On Thu, 20 Jun 2024 15:43:33 +0100 John Levon john.levon@nutanix.com wrote:
On Thu, Jun 20, 2024 at 04:00:05PM +0200, Igor Mammedov wrote:
Regardless of which way is chosen some users will suffer one way or another. My vote would be to keep current behavior so 'modern' guests would work without issues.
The Linux kernel policy is "no regressions", I cannot say it better than Linus himself (if you'll excuse the shouting):
well you just upgraded 'hardware' for legacy OS, there is no guaranties that it will continue to work without any changes.
with this patch there will be regression other way around affecting not so old OSes.
This is exactly what happened here - we updated seabios and things stopped working. It's unfortunate that the long tail of legacy exists, and we all wish it didn't, but it does.
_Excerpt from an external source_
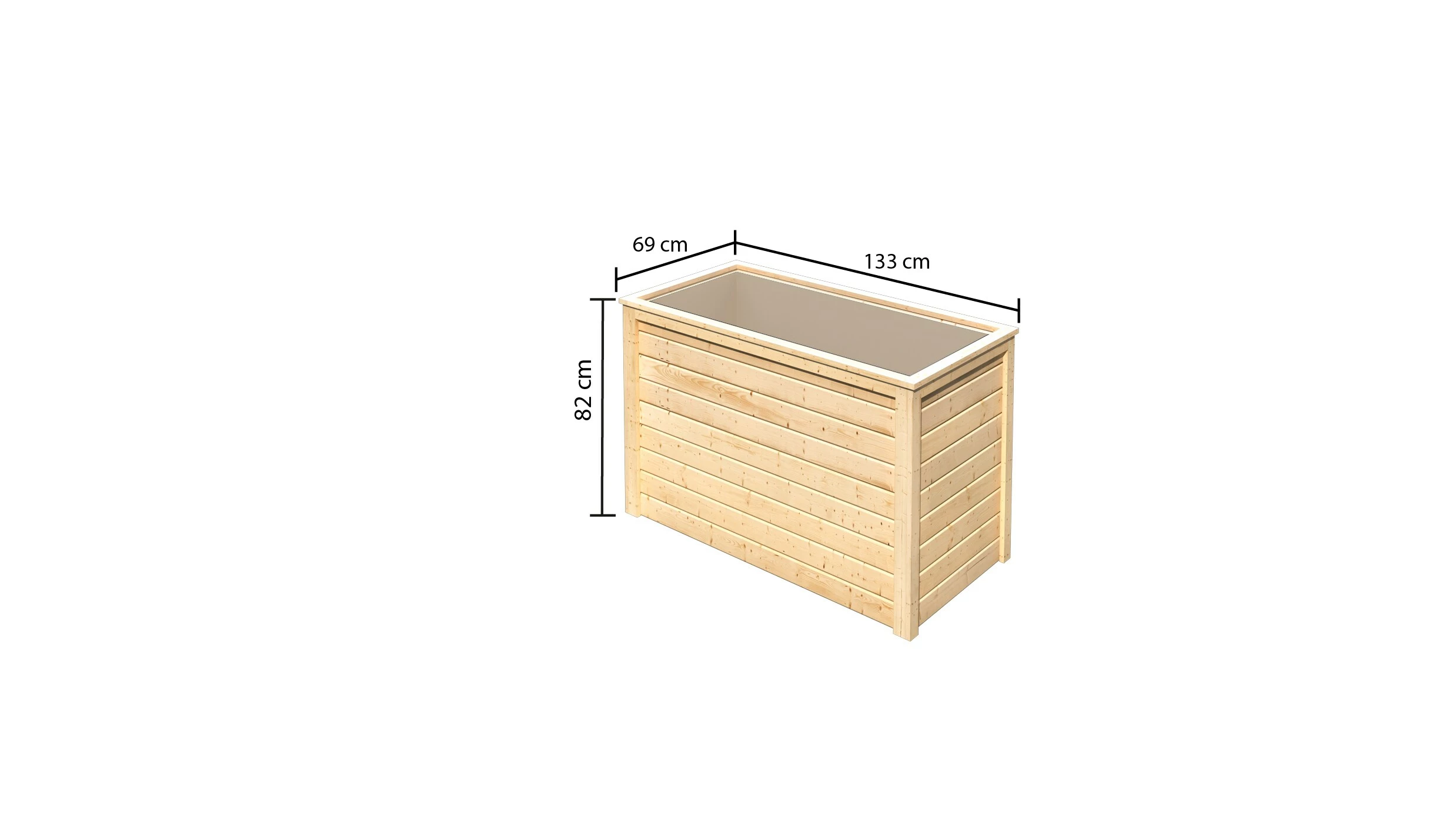 Durch dieses Hochbeet bringen Sie das Gärtnern und den Gemüseanbau auf ein ganz neues Level. Eine Höhe von rückenschonenden 82 cm sorgt für Entspannung beim Pflanzen. Das Hochbeet hat eine Wandstärke von 19 mm und ist aus nordische Fichte gefertigt. Eine innenliegende Kunststofffolie wirkt sich verlängernd auf die Lebensdauer des Hochbeets aus, da sie feuchtigkeitshemmend ist.

as was pointed out earlier it's not qemu/seabios domain to guess what OS will be running and tune its behavior to that.
That's up to upper layers tune knobs/guest, since they can be aware of what guest OS actually is.
Here goes another workaround option: use old SeaBIOS for broken OSes.
On Thu, Jun 20, 2024 at 04:09:24PM +0200, Igor Mammedov wrote:
On Wed, 19 Jun 2024 11:21:14 +0100 John Levon john.levon@nutanix.com wrote:
Older 32-bit Linux VMs (including Ubuntu 16.10) have issues with the 64-bit pci io window, failing during boot with errors like:
virtio_balloon virtio2: virtio: device uses modern interface but does not have VIRTIO_F_VERSION_19734-565debf7b362 virtio_net virtio0: virtio: device uses modern interface but does not have VIRTIO_F_VERSION_1 Virtio_scsi virtio1: virtio: device uses modern interface but does not have VIRTIO_F_VERSION_1
above aren't exactly indicate 64-bit MMIO window as culprit
Can you provide more data on what exactly goes wrong and where?
Sorry, no idea, and I don't think it's a useful exercise to debug old Linux kernels.
well, I've just successfully installed RHEL5.11 and RHEL6.10 from i386 ISOs on virtio root disk + 64Gb RAM (upstream QEMU), and they booted to command prompt without any issues.
Justification 'my OS stopped seeing root disk' for some unclear reason might work for close sourced OS but for Linux there should be more convincing story for a introducing breaking change. So far there is no evidence that it's not a guest issue/bug.
Does adding 'realloc' option to guest kernel CLI help?
I'll try this and get back to you.
This isn't a practical solution in general though IMO, it's not reasonable to ask our downstream customers (and their downstream customers and so on) to figure out how to do this across what could well be thousands of VMs minimum
(if amending guest is not an option then there are at least 2 possible workarounds on host side)
But the same goes the other way around for those who rely on hotplug (kubevirt comes to mind). There is no universal defaults and I'd rather keep mainstream happy when it comes to defaults, while downstream can take care of supporting corner cases and migration issues to new host infrastructure.
my 2cents, anyways it's up to maintainers to decide.